Publisher: Springer Nature
ISBN: 9811628815
Category : Application software
Languages : en
Pages : 102
Book Description
Opinion mining is a prevalent research issue in many domains. In the financial domain, however, it is still in the early stages. Most of the researches on this topic only focus on the coarse-grained market sentiment analysis, i.e., 2-way classification for bullish/bearish. Thanks to the recent financial technology (FinTech) development, some interdisciplinary researchers start to involve in the in-depth analysis of investors' opinions. These works indicate the trend toward fine-grained opinion mining in the financial domain. When expressing opinions in finance, terms like bullish/bearish often spring to mind. However, the market sentiment of the financial instrument is just one type of opinion in the financial industry. Like other industries such as manufacturing and textiles, the financial industry also has a large number of products. Financial services are also a major business for many financial companies, especially in the context of the recent FinTech trend. For instance, many commercial banks focus on loans and credit cards.
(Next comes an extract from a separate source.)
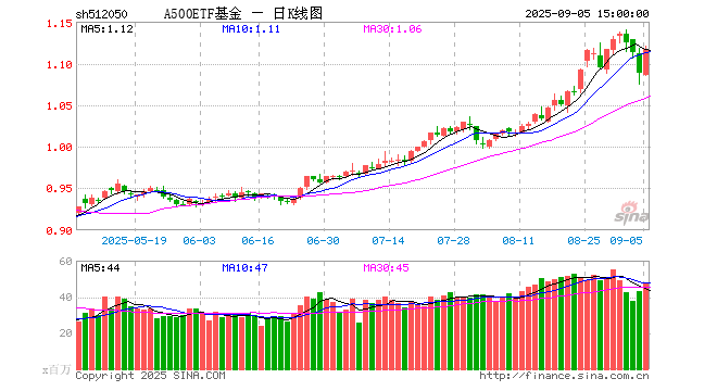 9月5日A500ETF基金(512050)份额增加2.04亿份,最新份额150.95亿份,最新规模168.73亿元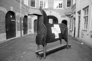 Korte Waterstraat, Knillespoort.materiaal: houtplaat, hardhout, messing en vernisdatering: 1985 vervaardigd door: Sander Dorenbosch Het is een transportabel eenvoudig houten paard dat gebruikt wordt als reclamepaard door de Raadsgroepering Knillis. Het werk is eigendom van de gemeente en in beheer van de Dienst Beeldende Kunst; de Stichting Knillis heeft het in langdurige bruikleen. | 100 |

Although there are a variety of issues that could be explored in the financial domain, most researchers in the AI and NLP communities only focus on the market sentiment of the stock or foreign exchange. This open access book addresses several research issues that can broaden the research topics in the AI community. It also provides an overview of the status quo in fine-grained financial opinion mining to offer insights into the futures goals. For a better understanding of the past and the current research, it also discusses the components of financial opinions one-by-one with the related works and highlights some possible research avenues, providing a research agenda with both micro- and macro-views toward financial opinions.